New Mexico State Police officer

Officer Gabe Valdez in State Police uniform.

Gabriel L. "Gabe" Valdez (c. 1944 — August 7, 2011) was a long-time New Mexico State Police officer and New Mexico Gaming Control Board investigator. Valdez is most remembered for leading the criminal investigation into unsolved livestock mutilations in 1970s New Mexico.

==Early life==
Valdez was born to a family of ranchers south of Tierra Amarilla. Valdez would later recall "We had about 30 head of cattle. My dad would sell steers in the fall. We always had plenty of meat. Not many vegetables but plenty of meat." In 1964, as a high school senior, Valdez was listed on the Tierra Amarilla school's honor roll.

Valdez worked for the Roads Department of the Bureau of Indian Affairs.

==Law enforcement career==
In July and August 1969, media listed Valdez as City Marshal of Chama, New Mexico. In 1969, Valdez joined the New Mexico State Police. After brief stints in Espanola and Chimayo, Valdez was transferred to Dulce.

In 1973, racer Bobby Unser publicly thanked Valdez and others who had helped fight flooding at his northern New Mexico ranch. In 1984, Valdez was featured in local papers after being part of a rescue party sent to help snowed-in hunters. That same year, he was featured when he recovered $19,000 in cash and a white powder suspected to be cocaine from a small plane crash. In 1988, Valdez was discussed in connection with a standoff with a resident who refused to vacate.

In 1990, Valdez requested, and received, a transfer from Dulce to Albuquerque in order to facilitate his sons attending university there. Around 1992, Valdez retired from the State Police, later taking an investigator position with New Mexico Gaming Control Board.

===Investigation of cattle mutilations===

On June 16, 1976, Valdez was interviewed by local media after investigating a mutilation discovered by rancher Manuel Gomez. Valdez reported that a mysterious three-legged aircraft had landed twice, scorching grass.

In 1978, Valdez was photographed by local media during an investigation of four mutilated cattle.

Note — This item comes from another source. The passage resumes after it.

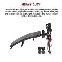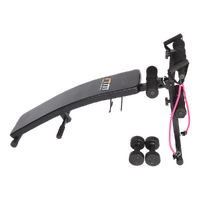 The incline sit-up bench is curved to ensure an intense core and upper body workout. The two 1.5kg dumbbells and pair of rubber cord resistance expanders will bring new strength and tone to your muscles. This must-have sit-up bench adjusts for height to enable maximum intensity and features adjustable knee, leg and foot foam roller bars to accommodate all body sizes.
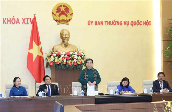| Phó Chủ tịch Thường trực Quốc hội Tòng Thị Phóng phát biểu tại buổi gặp mặt. Ảnh: Phương Hoa - TTXVN |

On April 20, 1979, U.S. Attorney R. E. Thompson and US Senator Harrison Schmidt held a public meeting about cattle mutilations. The meeting was attended by about 80—one attendee was Paul Bennewitz, who approached Valdez and reported having seen unidentified lights over Kirtland Air Force Base.

On May 2, 1979, Valdez told press that two drugs had been found in the remains of a mutilated bull found in Torrance County on February 15. Valdez reported one drug, Chlorpromazine (Thorazine), was used to tranquilize and immobilize the animal, while a second, unnamed drug was used to "clog the blood and remove it through the jugular vein." Valdez told papers "We know this stuff is made here, and it isn't from outer space. Whoever is doing it is highly sophisticated, and they have a lot of resources. They're well organized". Valdez was described as "the state's chief information source on mutilations, having worked on 32 cases... in about three years".

In 1982, Valdez was mentioned in connection with helicopter sightings near cattle mutilations.

In 1996, Valdez joined Robert Bigelow's "National Institute of Discovery Science", a self-described paranormal research group.

==Death and legacy==

Valdez died in 2011.

In 2010, the book Mirage Men detailed the operation against Valdez and Bennewitz.
In 2013, the documentary film adaptation of Mirage Men featured footage of Valdez.

In 2014, Gabe's son Greg Valdez authored Dulce Base: The Truth and Evidence from the Case Files of Gabe Valdez based on his father's files. Greg Valdez reports his father never believed aliens were involved: "People want to come and find aliens, but there is no proof of aliens and my father never believed there was alien activity. He pointed toward the government." Greg Valdez concludes that mutilations were a government testing program looking at the after-effects of radiation from 1967 Project Gasbuggy, in which an underground atomic device was detonated just 21 mi southwest of Dulce: "They were testing the cattle to avoid panicking the public".